I think the AI investment bubble is partly to blame here. I've said this in the past in private chats, I believe there is too much money in the world, or at least too much valuation. If there wasn't so much money involved, maybe small companies would be more likely to innovate and create new tech, while bigger companies would copy and improve in a self-sustaining cycle. Instead, all AI firms are settling in and enshittifying, which is exactly what causes a bubble to appear in the first place - remember the dotcom one? Lisp machines? Web 3.0? Crypto? NFTs? All the same pattern - massive hype, massive investment, massive overvaluation, stagnation, then a crash. AI differs slightly in that it is genuinely useful sometimes, accessible to anyone even for free, but the same pattern is emerging.

I believe OpenAI raised expectations so high they effectively prohibited themselves from experimenting. They launch tech demos like Sora as full products with borderline false marketing, then when people realize it's genuinely useless, they either forget about it (hello DALL-E!) or just iterate slightly and re-release it as "improved."

The playbook for AI products now is: "Generate anything!

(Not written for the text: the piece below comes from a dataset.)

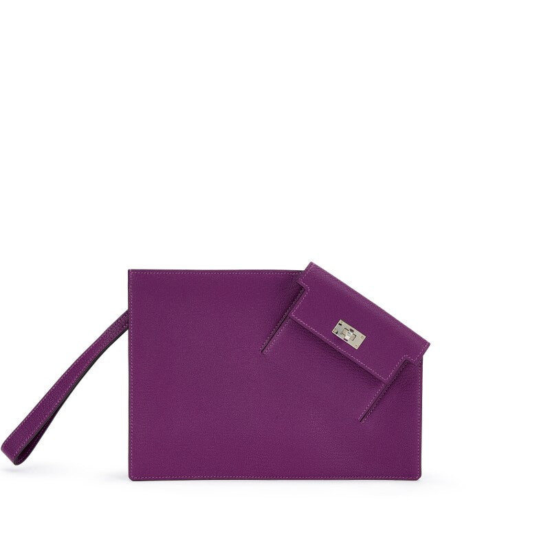 2019Description Hermes Anemone Chevre Mysore Kelly Pocket To Go Pouch Palladium Hardware, 2019 The interior...
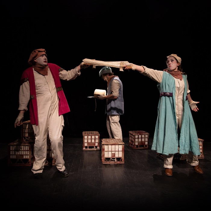 “In 2017 Pinwheel produced The Tale Of Ichabod Scrubb, and wanted to recapture this quirky spirit we discovered in using simple items as props, things that you can easily lay your hands on. We have bought that concept, thanks to our designer Elle Cantor – to this one too. We both wanted to be able to stir the imagination and show children that you can have huge adventures without lot of fancy props, it’s to encourage them to see what they have readily available to turn into a castle (milk crates), swords (a rolled newspaper), a cape (a bedsheet), tools (pots and pans)…too much emphasis it put on using that small screen to capture a child’s imagination.

Expand your creativity! Simplify your life!" followed by fine print that you get almost no control, it outputs garbage most of the time, it's useless to most people, they cherry-picked 10 examples to show you, have fun, subscribe at $199.99/month, no refunds.

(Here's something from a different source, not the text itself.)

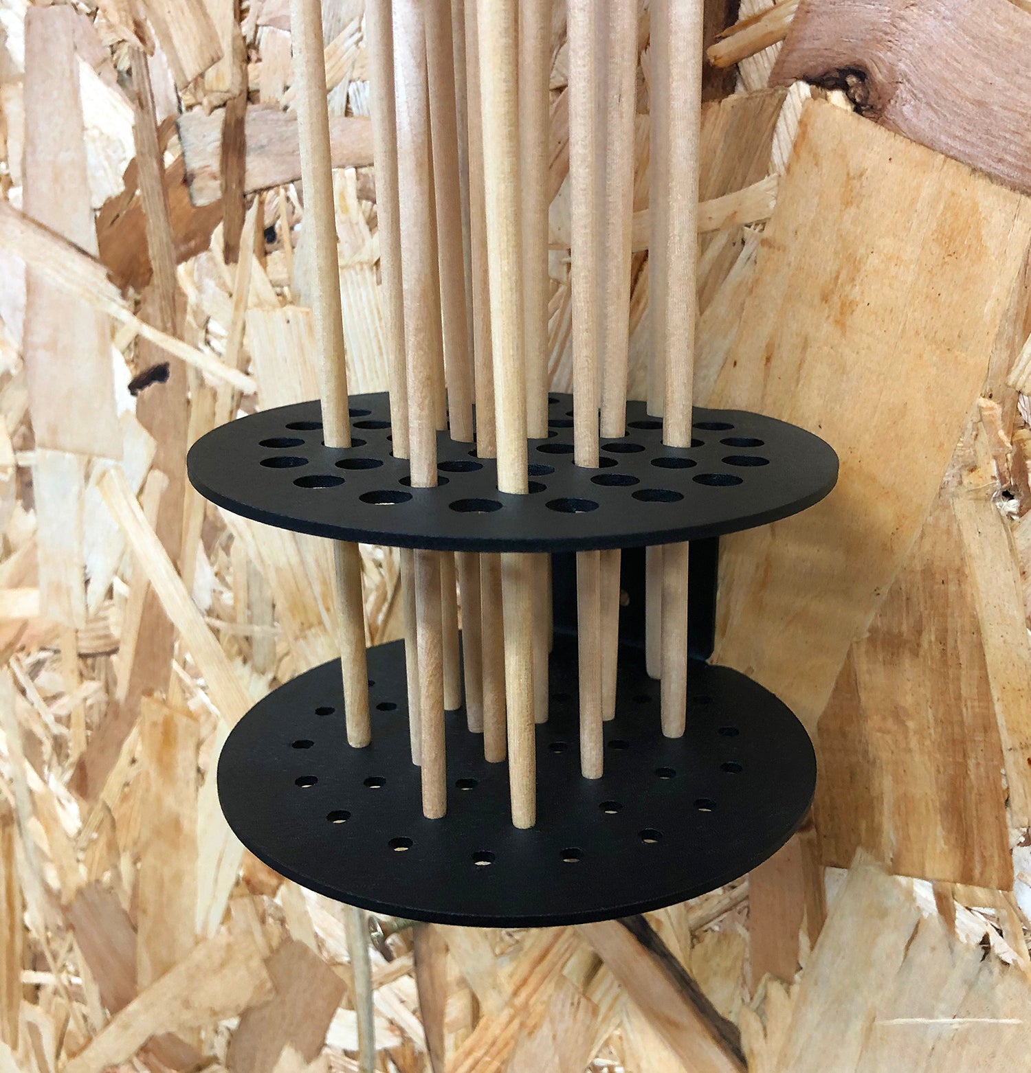 Designed to be both functional and stylish, this paint brush storage holder will complement any office or studio décor. The sleek design and black finish give it a professional and modern look that will match well with any style. The steel construction ensures that it is built to last and withstand daily use, so you can be sure it will be a long-lasting addition to your workspace.

Literal research projects with unmaintainable code are more fun to play with and have a higher chance of being useful than these commercial "solutions" to problems that don't exist.

Why I'm full of shit

The math changes fast in this field. A year ago nobody knew you could extract model weights from ChatGPT by abusing its parameters. Who knows what eldritch research technique will appear tomorrow to flip everything on its head? Maybe visualizing seed correlations to find ones that produce copyrighted material, or something we can't even imagine yet.

At the current rate of progress, we really can't predict anything. We don't even completely understand the smallest language models - they work, but sometimes in completely unexpected ways because of how immensely complex the math becomes. They're essentially magic black boxes we can use to perform magic, but can't really comprehend.

The rabbit hole is so deep that it would take a decade to cover what happened in AI audio alone, in just the last year, and ten decades to understand it all.

Maybe a benevolent AGI will crack all of this, if the hype is to be believed. Or maybe that's all wishful thinking. What I can say with certainty is that the current approach of typing in meaningless prompt words won't get us very far culturally or technologically. It practically encourages generic results, complacency, and stagnation.

But then again, some people might be into those kinds of results. Humans are weird, and I fucking hate AI bros.


This post is based on a conversation I had on Discord, edited for clarity and flow. I used an LLM to help with grammar and structure, because I suck, but all opinions are my own.